-2

In C++, there are things that come up that are somewhere between well-defined and undefined. Specifically, those are called implementation defined and unspecified. Right now, I'm interested in the unspecified stuff.

When is it okay to use such features, and when should they be avoided? Are there good examples of unspecified behaviour being a part of correct code? When, if ever, is it the best choice to make when writing software?

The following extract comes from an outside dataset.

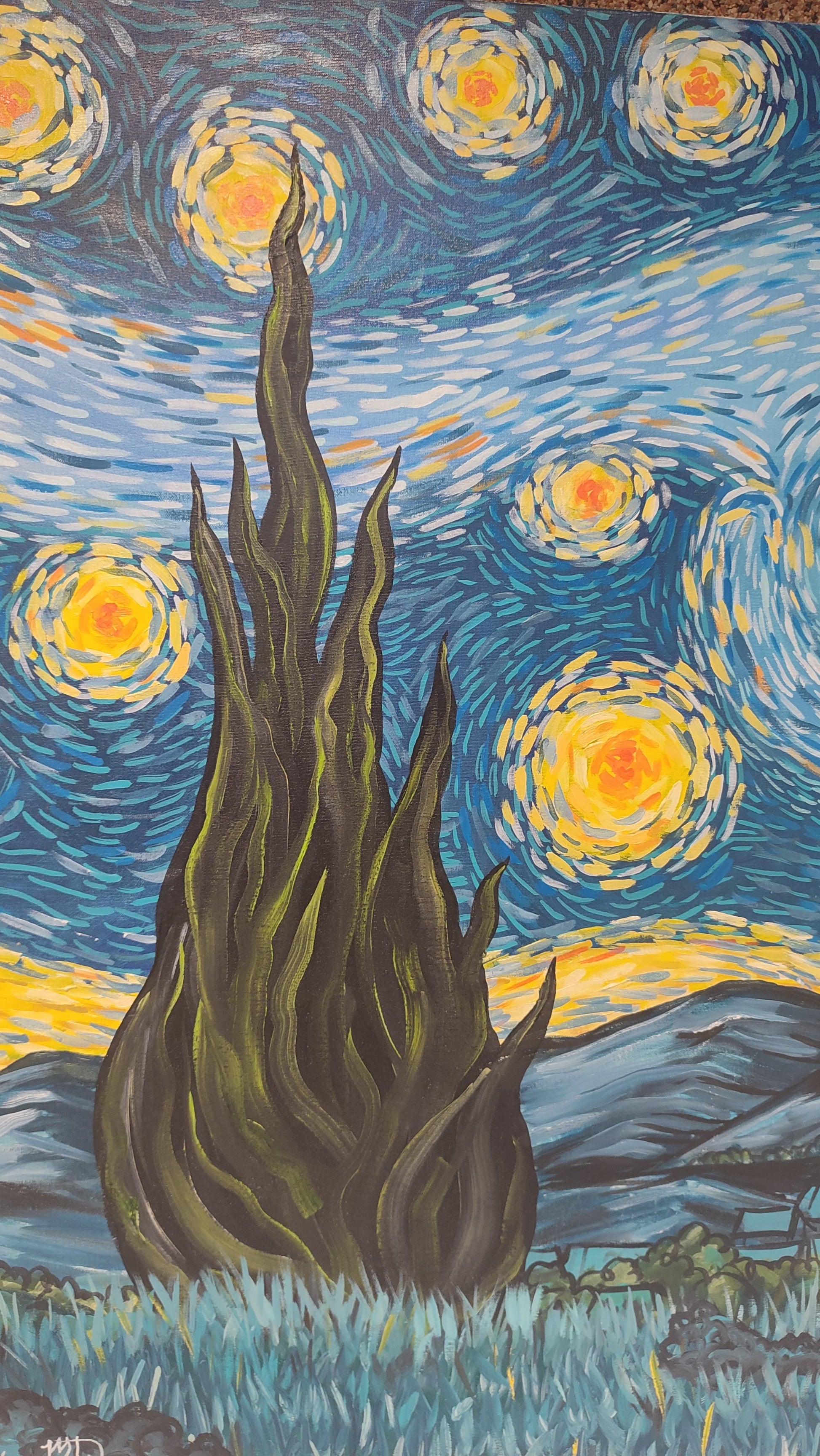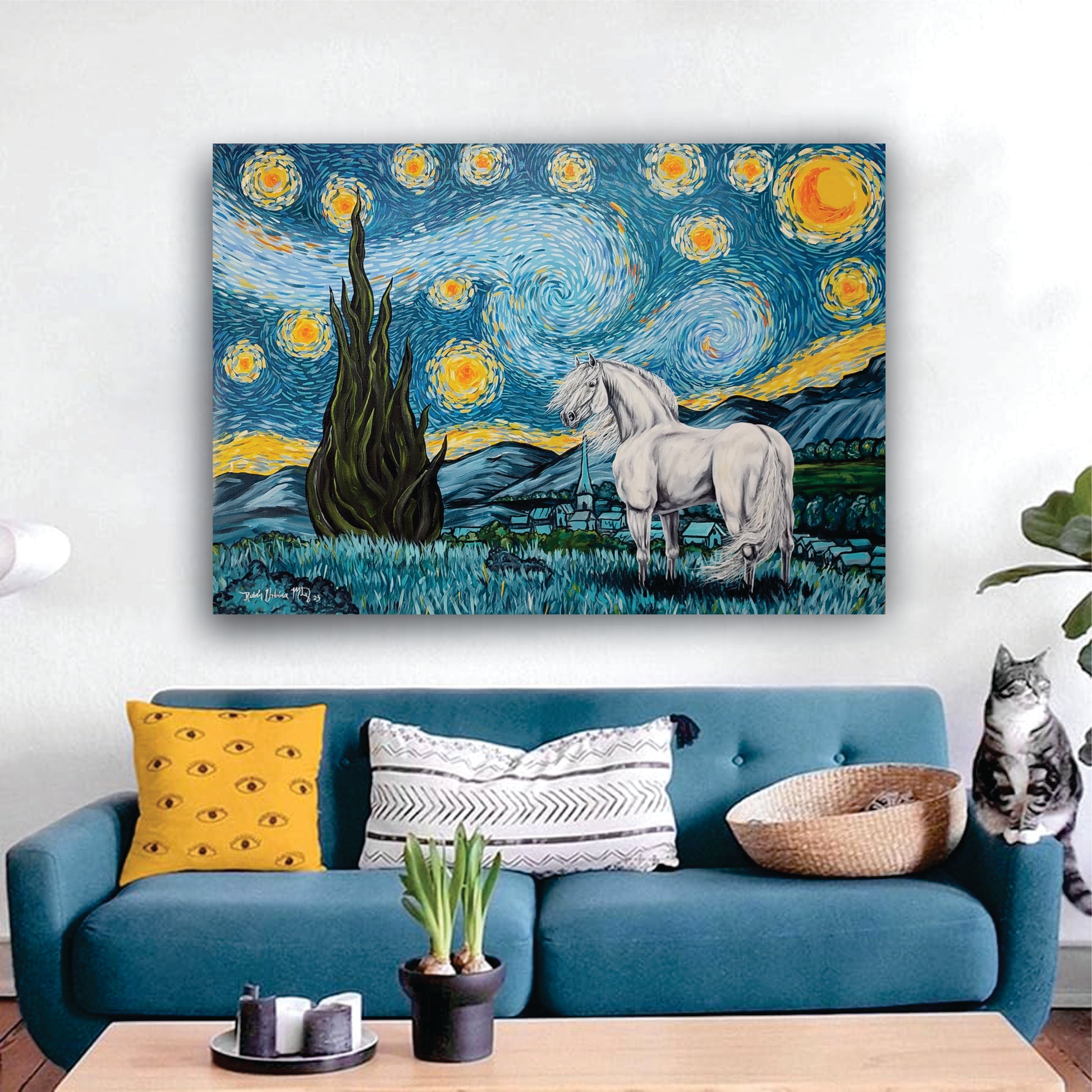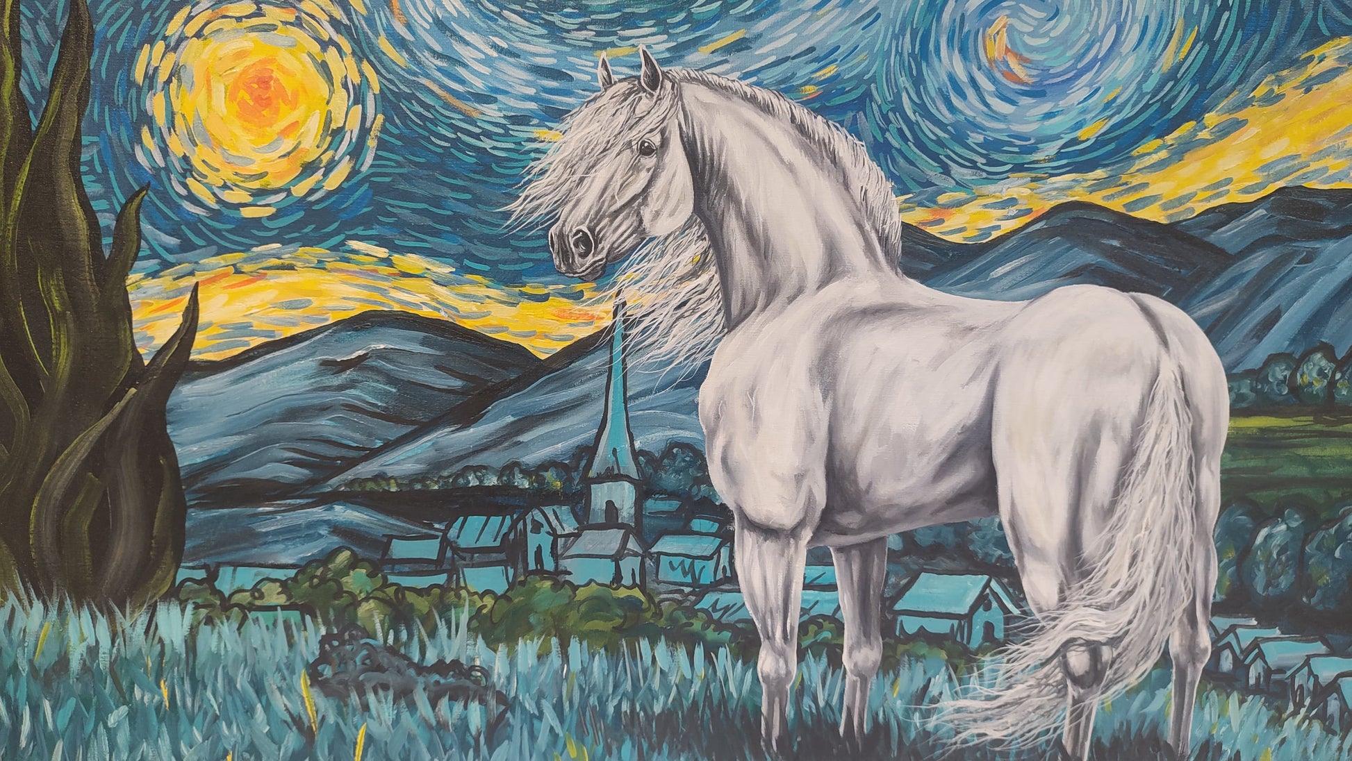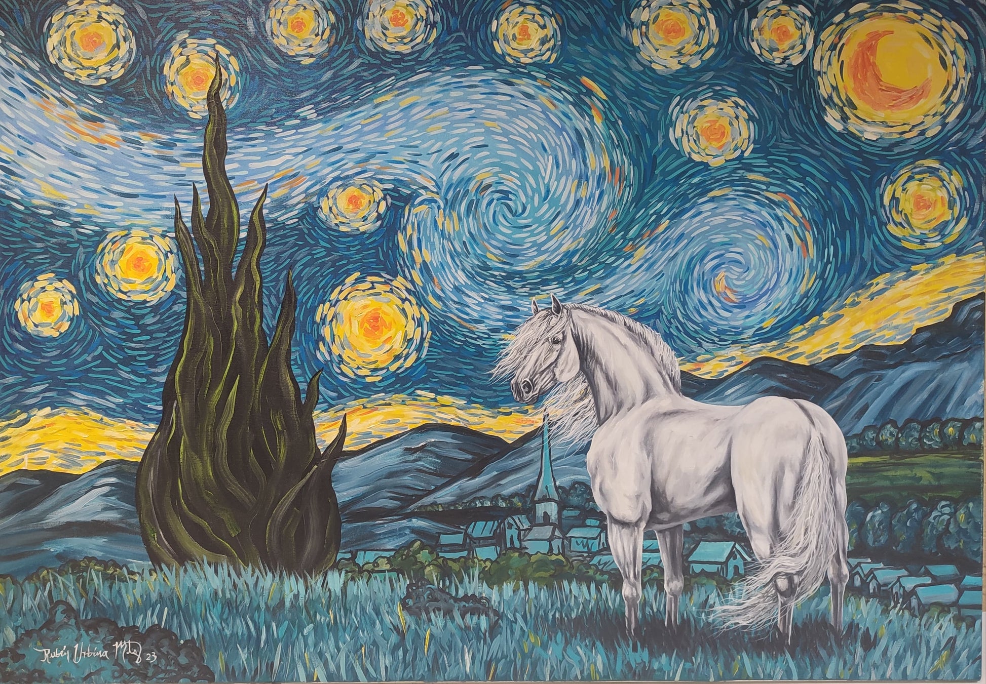 Obra pictórica inspirada en la famosa pintura del artista Vincent Van Gogh, donde se añade un toque personal y único, un precioso caballo español tordillo que mira el pueblo de Arles en la misma perspectiva que alguna vez lo viera Van Gogh.
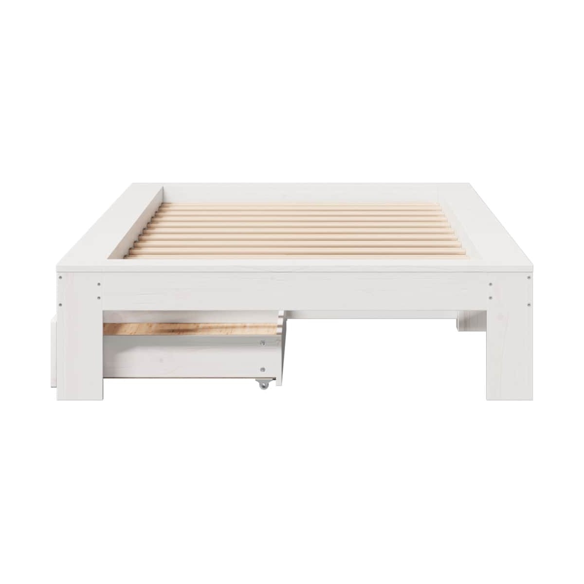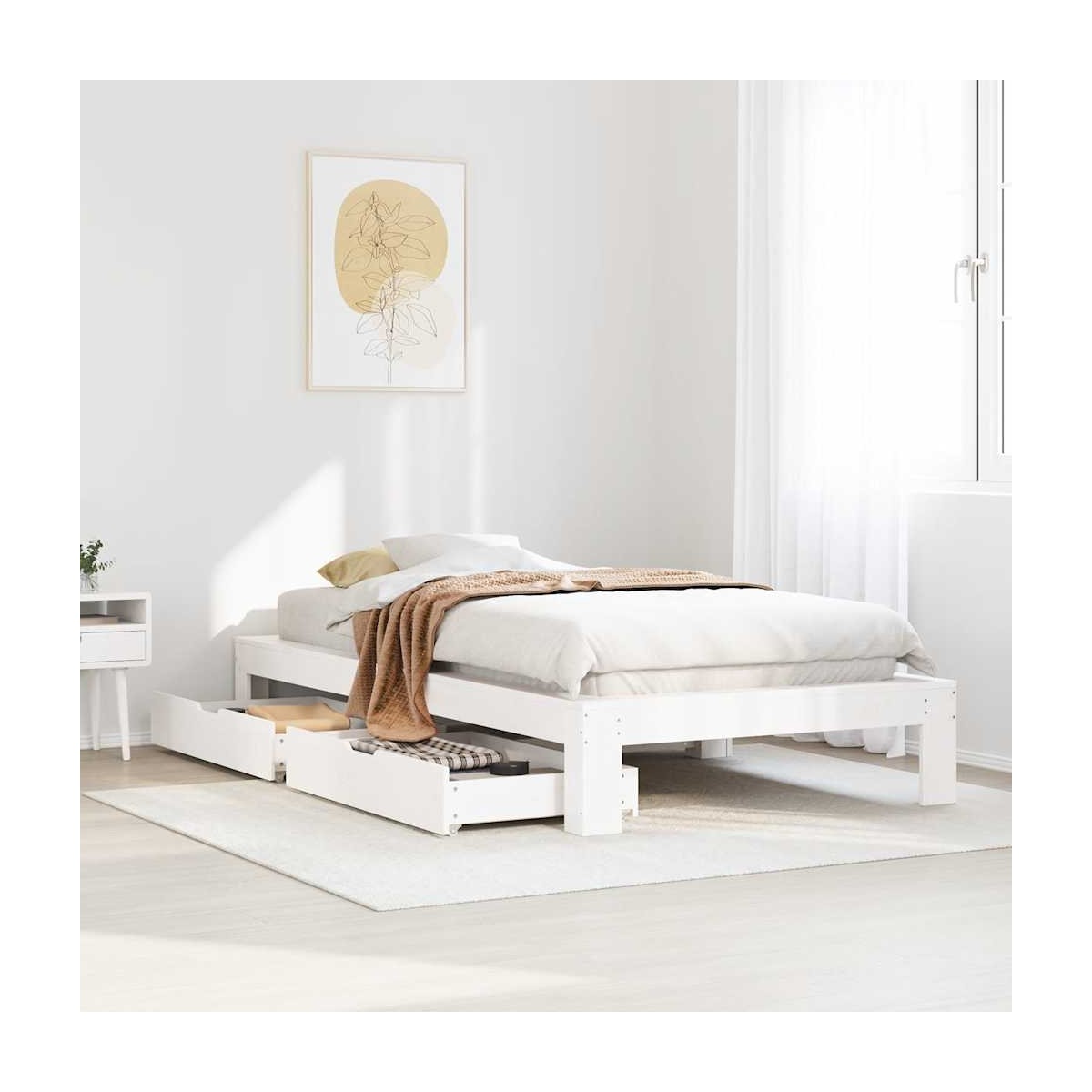 Consigue un sueño más reparador con esta estructura de cama. Es un aporte acogedor para cualquier dormitorio. Estructura estable y duradera: La madera de pino maciza es conocida por su resistencia y durabilidad. Sus vetas rectas y sus característicos nudos contribuyen a su encanto rústico.Somier de láminas para un soporte óptimo: La estructura de cama está equipada con un somier de láminas para el apoyo y la transpirabilidad del colchón.Aproveche al máximo el espacio: Esta base de cama cuenta con dos cajones debajo, que proporcionan almacenamiento para artículos como ropa de cama extra, ropa de temporada y juguetes.Patas estables y duraderas: Esta estructura de cama de madera está sostenida por patas resistentes, lo que garantiza estabilidad, seguridad y firmeza.Maniobrabilidad sin esfuerzo: Este cajón de almacenamiento bajo la cama cuenta con cuatro ruedas, que proporcionan una maniobrabilidad suave y sin esfuerzo para deslizarse dentro y fuera de debajo de tu cama. Información útil:El colchón no está incluido con la cama. Disponemos de una variada selección de colchones. Puedes echar un vistazo a nuestra tienda para buscar el colchón correspondiente.

Definitions provided by Matt McNabb:

  • Undefined - anything at all can happen

  • Implementation-defined - a finite number of results are possible, and the compiler's documentation must say what happens

  • Unspecified - a finite number of results are possible -- usually the Standard describes the set of possible results

  • Well-defined - none of the above

  • Well-formed program - program that compiles without error (may exhibit undefined behaviour)

Follow-up question:

Do relaxed atomics count as unspecified or well-defined?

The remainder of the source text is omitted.